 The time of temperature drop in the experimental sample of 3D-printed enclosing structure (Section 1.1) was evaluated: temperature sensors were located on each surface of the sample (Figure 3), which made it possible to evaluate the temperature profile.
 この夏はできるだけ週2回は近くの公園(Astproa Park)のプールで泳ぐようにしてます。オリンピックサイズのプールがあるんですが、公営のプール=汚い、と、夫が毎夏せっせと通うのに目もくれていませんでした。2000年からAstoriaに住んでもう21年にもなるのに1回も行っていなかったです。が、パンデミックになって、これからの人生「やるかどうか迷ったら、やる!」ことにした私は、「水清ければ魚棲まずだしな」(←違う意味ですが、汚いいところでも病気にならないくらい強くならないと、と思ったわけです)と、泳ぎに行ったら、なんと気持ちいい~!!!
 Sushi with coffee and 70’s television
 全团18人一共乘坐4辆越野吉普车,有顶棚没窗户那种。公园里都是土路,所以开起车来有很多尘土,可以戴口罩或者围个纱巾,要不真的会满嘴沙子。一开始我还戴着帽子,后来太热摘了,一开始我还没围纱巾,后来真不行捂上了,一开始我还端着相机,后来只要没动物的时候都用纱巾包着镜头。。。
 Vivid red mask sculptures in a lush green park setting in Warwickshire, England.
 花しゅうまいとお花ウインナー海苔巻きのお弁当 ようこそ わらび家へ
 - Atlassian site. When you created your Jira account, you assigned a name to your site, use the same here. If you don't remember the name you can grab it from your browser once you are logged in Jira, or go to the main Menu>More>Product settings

--------------------

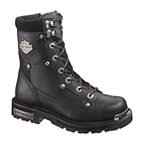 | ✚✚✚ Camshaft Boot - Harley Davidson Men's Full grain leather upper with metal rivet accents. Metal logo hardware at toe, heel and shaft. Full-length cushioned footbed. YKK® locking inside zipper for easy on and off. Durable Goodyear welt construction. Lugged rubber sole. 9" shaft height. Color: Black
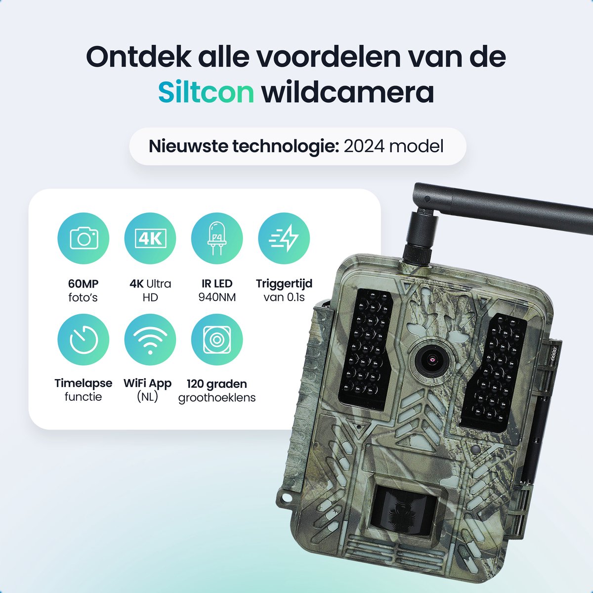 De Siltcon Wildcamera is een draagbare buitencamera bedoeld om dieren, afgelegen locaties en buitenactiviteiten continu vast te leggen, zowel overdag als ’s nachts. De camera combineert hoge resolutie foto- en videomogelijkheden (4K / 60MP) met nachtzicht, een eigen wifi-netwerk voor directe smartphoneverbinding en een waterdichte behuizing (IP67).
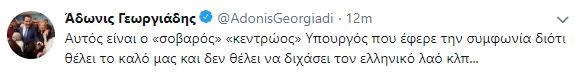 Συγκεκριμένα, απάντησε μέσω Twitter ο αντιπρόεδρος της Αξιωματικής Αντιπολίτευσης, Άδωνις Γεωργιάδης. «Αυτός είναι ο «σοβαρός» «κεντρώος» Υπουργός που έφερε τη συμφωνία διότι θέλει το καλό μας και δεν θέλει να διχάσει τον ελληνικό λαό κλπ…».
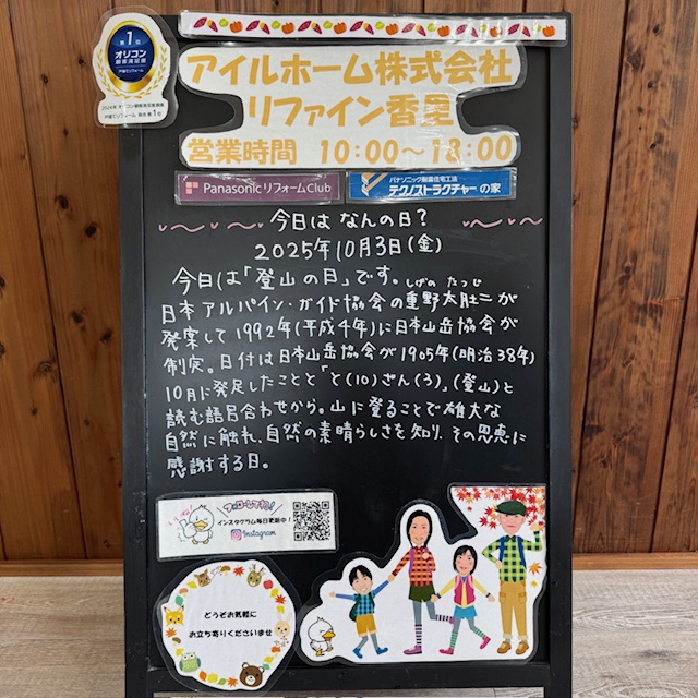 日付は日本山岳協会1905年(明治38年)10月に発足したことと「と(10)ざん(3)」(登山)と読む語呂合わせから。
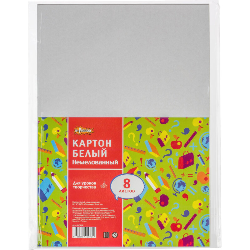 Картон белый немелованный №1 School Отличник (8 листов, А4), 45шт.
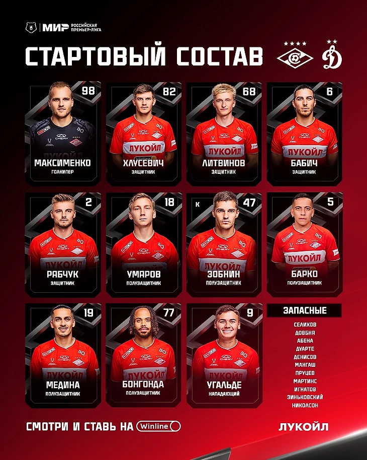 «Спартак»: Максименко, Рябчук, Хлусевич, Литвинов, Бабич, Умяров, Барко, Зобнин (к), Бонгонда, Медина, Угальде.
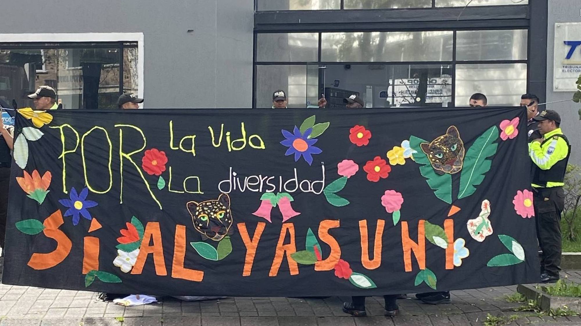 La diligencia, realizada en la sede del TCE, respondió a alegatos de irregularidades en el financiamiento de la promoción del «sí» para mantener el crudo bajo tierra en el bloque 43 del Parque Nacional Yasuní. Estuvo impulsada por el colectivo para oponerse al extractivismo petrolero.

--------------------

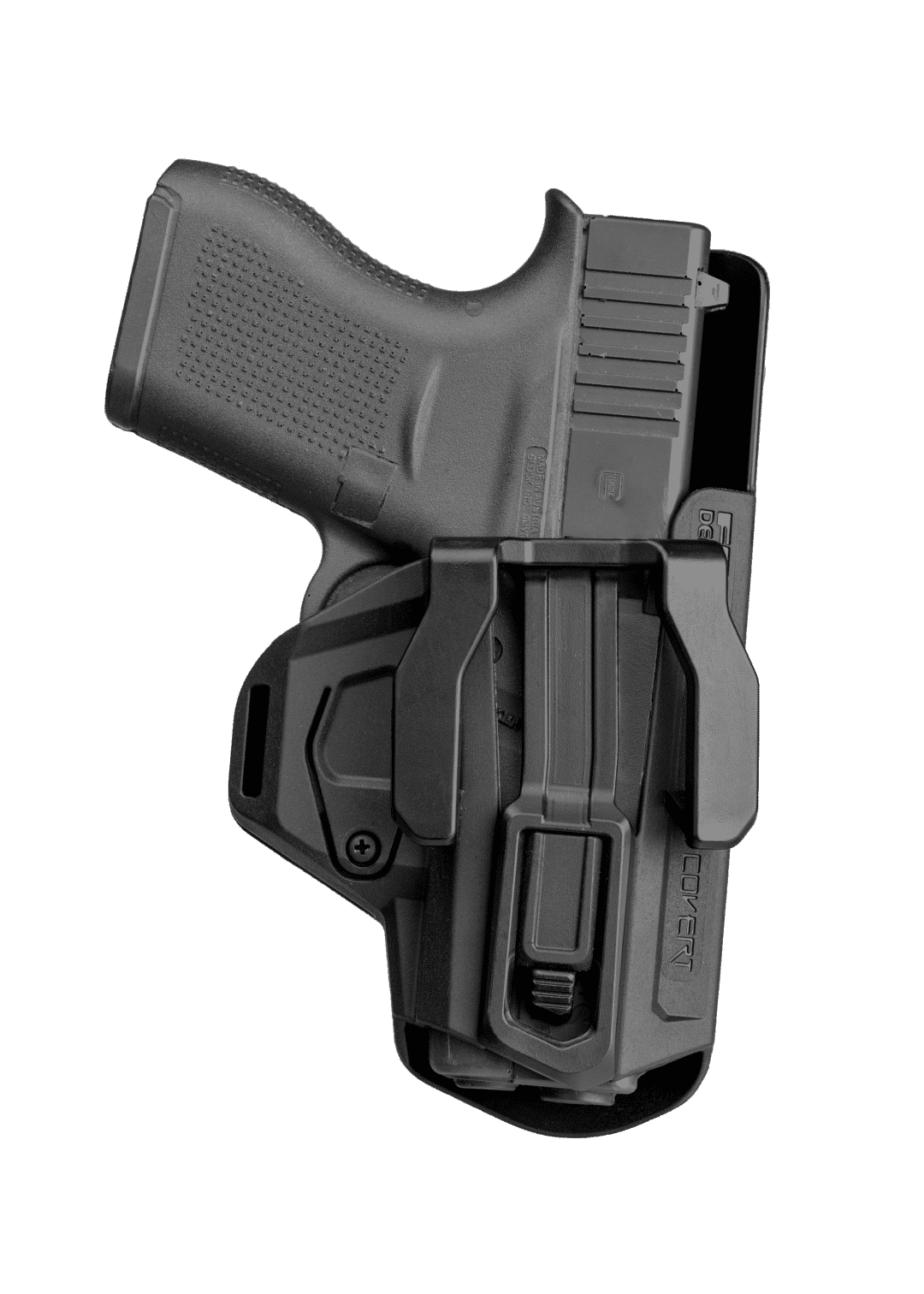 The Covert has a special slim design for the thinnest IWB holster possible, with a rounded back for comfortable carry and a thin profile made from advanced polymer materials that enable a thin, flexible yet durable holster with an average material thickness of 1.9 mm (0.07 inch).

--------------------

Directions for this task:
In the entries above, find the line with "Vivid red mask" and the line with "- Atlassian site.", then restate word for word both of them and every line between, with nothing more.

Answer section:
 Vivid red mask sculptures in a lush green park setting in Warwickshire, England.
 花しゅうまいとお花ウインナー海苔巻きのお弁当 ようこそ わらび家へ
 - Atlassian site. When you created your Jira account, you assigned a name to your site, use the same here. If you don't remember the name you can grab it from your browser once you are logged in Jira, or go to the main Menu>More>Product settings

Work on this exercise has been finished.